However, due to the affinity binding principle, the job often needs to wait for a long time in the above allocation process, and the execution efficiency of the job is seriously affected.

Disclosure of Invention

In view of the foregoing, it is desirable to provide a method, an apparatus, a computer device and a readable storage medium for job processing.

In a first aspect, a method for processing a job is provided, the method comprising:

when a preset processing condition is met, determining a first node matched with a target job in each node according to the job attribute of the target job contained in a target task, wherein the job attribute comprises the target number of arithmetic units required by executing the target job;

and executing the target operation contained in the target task through the first node and a second node where the operation unit executing the target task is located.

As an optional implementation manner, the determining, in each node, a first node matching a target job according to a job attribute of the target job included in the target task includes:

and for each node in the nodes, if the number of idle operation units in the node is greater than or equal to the target number, determining the node as a first node.

As an optional implementation, the method further comprises:

acquiring the idle time of an idle operation unit in each node;

and if the task which is to be executed and comprises a plurality of jobs exists in the detachable task list and the idle time length which is greater than or equal to the preset time length threshold exists in the idle time length of each idle operation unit, determining that the preset processing condition is met.
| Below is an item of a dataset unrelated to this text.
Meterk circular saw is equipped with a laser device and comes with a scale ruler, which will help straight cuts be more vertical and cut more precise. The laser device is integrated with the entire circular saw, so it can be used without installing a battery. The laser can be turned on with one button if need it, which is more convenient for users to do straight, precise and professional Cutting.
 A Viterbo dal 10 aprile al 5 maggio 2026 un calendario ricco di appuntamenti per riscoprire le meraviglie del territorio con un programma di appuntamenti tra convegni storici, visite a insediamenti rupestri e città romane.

As an optional implementation manner, before determining, in each node, a first node matching a target job according to a job attribute of the target job included in a target task when a preset processing condition is satisfied, the method further includes:

acquiring a target task to be executed, and determining all dimension information of the target task and the target number of arithmetic units required for executing the target task;

if the ratio of the product of the dimension information to the target number is greater than 1, adding the target task into a detachable task list;

and modifying the affinity mask of the target task according to a preset affinity mask modification rule.

As an optional implementation manner, before the target job included in the target task is executed by the first node and the second node where the operation unit executing the target task is located, the method further includes:

and in the use mask of the target task, setting the position corresponding to the first node as 1.
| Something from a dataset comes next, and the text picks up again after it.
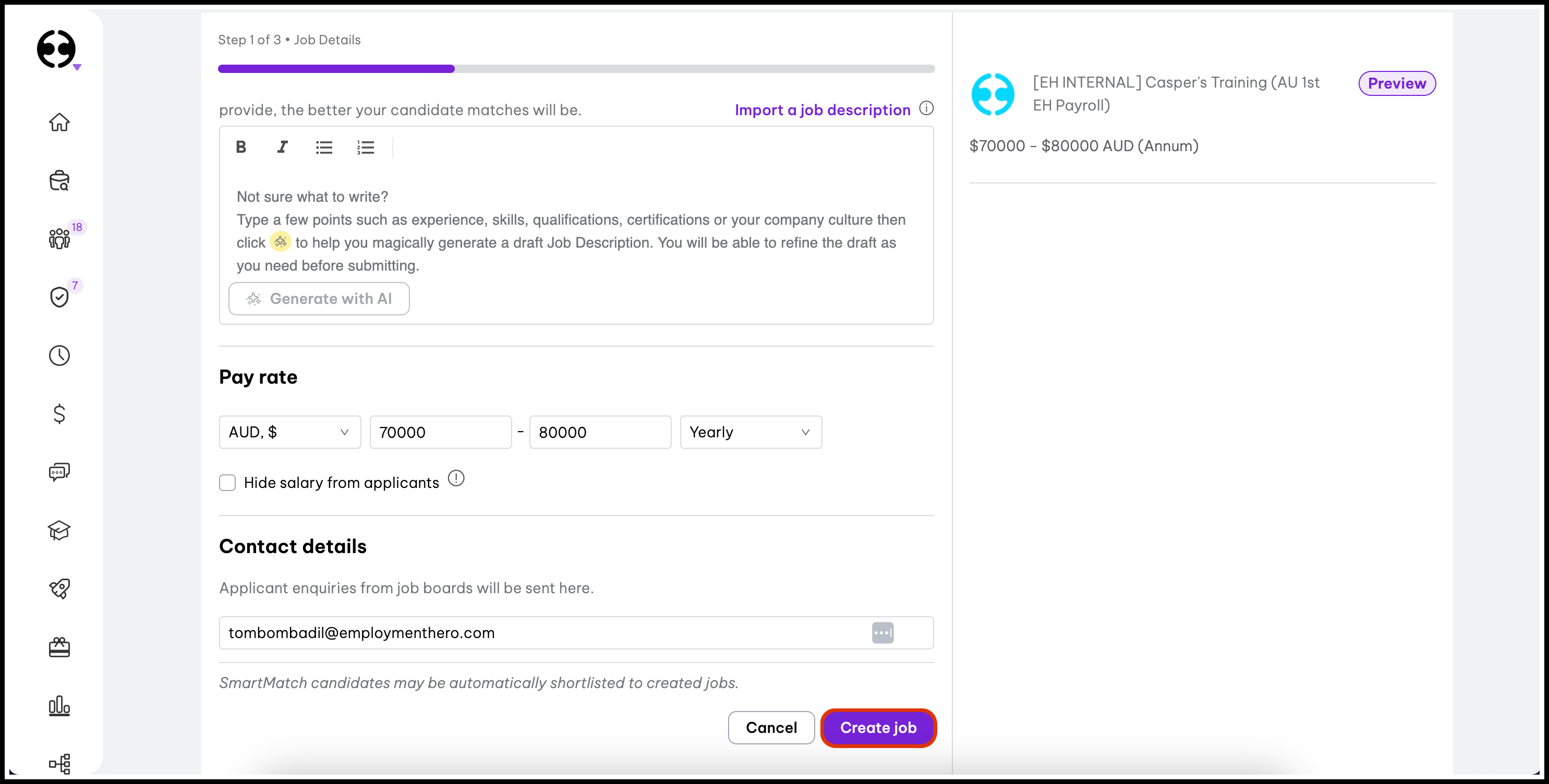 - Live job preview - See exactly how your job post will appear to candidates as you create it

and if the bits corresponding to the first node and the second node in the affinity mask and the use mask of the target task are both 1, executing the target task contained in the target task through the first node and the second node where the operation unit executing the target task is located.
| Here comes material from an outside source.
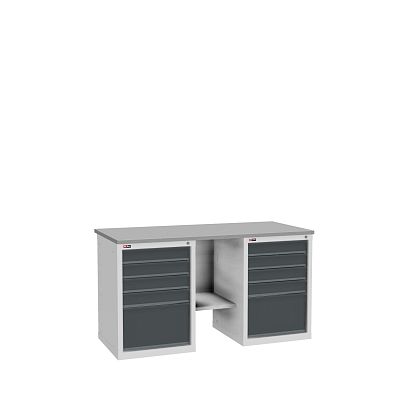 Слесарный верстак на двух тумбах ВЛ-К-015. Полка-стенка в комплекте.

As an optional implementation, the affinity mask of the target job is the same as the affinity mask of the target task, and the usage mask of the target job is the same as the usage mask of the target task.

In a second aspect, there is provided an apparatus for job processing, the apparatus comprising:

the system comprises a first determining module, a first judging module and a second determining module, wherein the first determining module is used for determining a first node matched with a target job in each node according to the job attribute of the target job contained in a target task when a preset processing condition is met, and the job attribute comprises the target number of arithmetic units required by executing the target job;

and the execution module is used for executing the target operation contained in the target task through the first node and a second node where the operation unit for executing the target task is located.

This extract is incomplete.